Input material Block Start

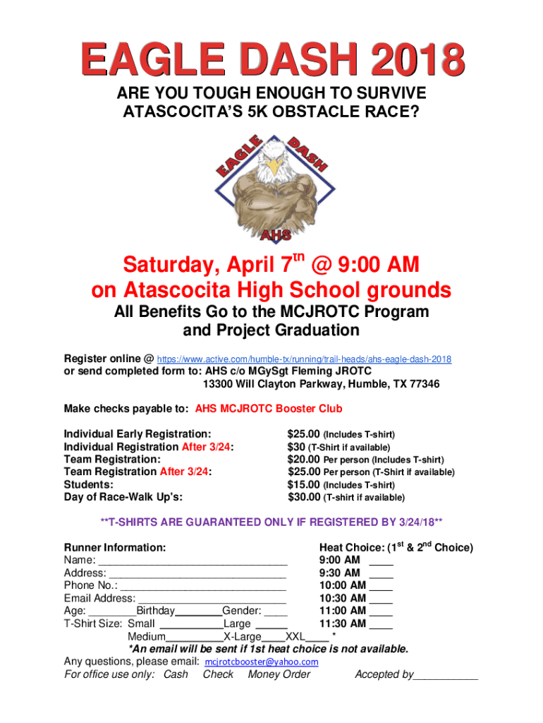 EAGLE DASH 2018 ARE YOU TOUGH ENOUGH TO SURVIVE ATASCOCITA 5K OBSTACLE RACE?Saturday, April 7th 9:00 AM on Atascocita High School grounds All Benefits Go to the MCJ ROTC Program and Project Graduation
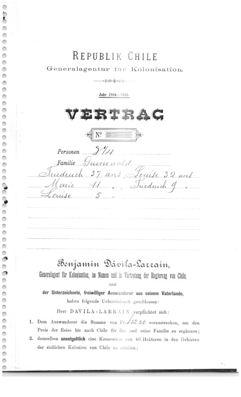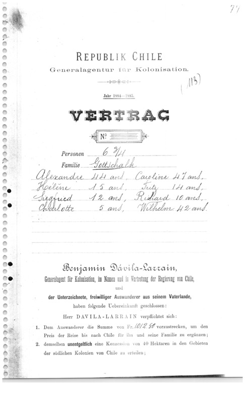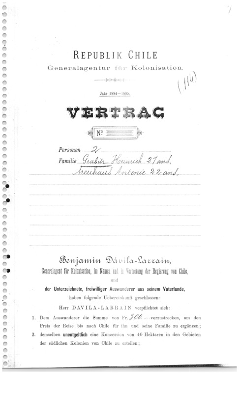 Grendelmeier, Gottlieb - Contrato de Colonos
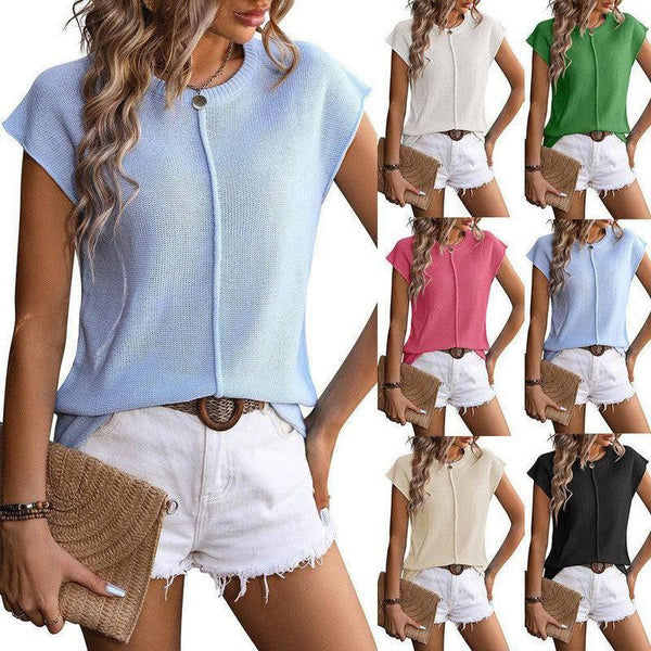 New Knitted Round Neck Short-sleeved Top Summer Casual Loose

Input material Block End
Input material Block Start

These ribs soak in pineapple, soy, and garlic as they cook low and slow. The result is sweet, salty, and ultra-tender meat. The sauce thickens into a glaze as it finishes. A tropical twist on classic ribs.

Input material Block End

> Instructions to follow:
The answer is the lines of the material above, from the one containing "EAGLE DASH 2018" down to the one containing "New Knitted Round", given exactly and without images.

> Answer to this exercise:
 EAGLE DASH 2018 ARE YOU TOUGH ENOUGH TO SURVIVE ATASCOCITA 5K OBSTACLE RACE?Saturday, April 7th 9:00 AM on Atascocita High School grounds All Benefits Go to the MCJ ROTC Program and Project Graduation
 Grendelmeier, Gottlieb - Contrato de Colonos
 New Knitted Round Neck Short-sleeved Top Summer Casual Loose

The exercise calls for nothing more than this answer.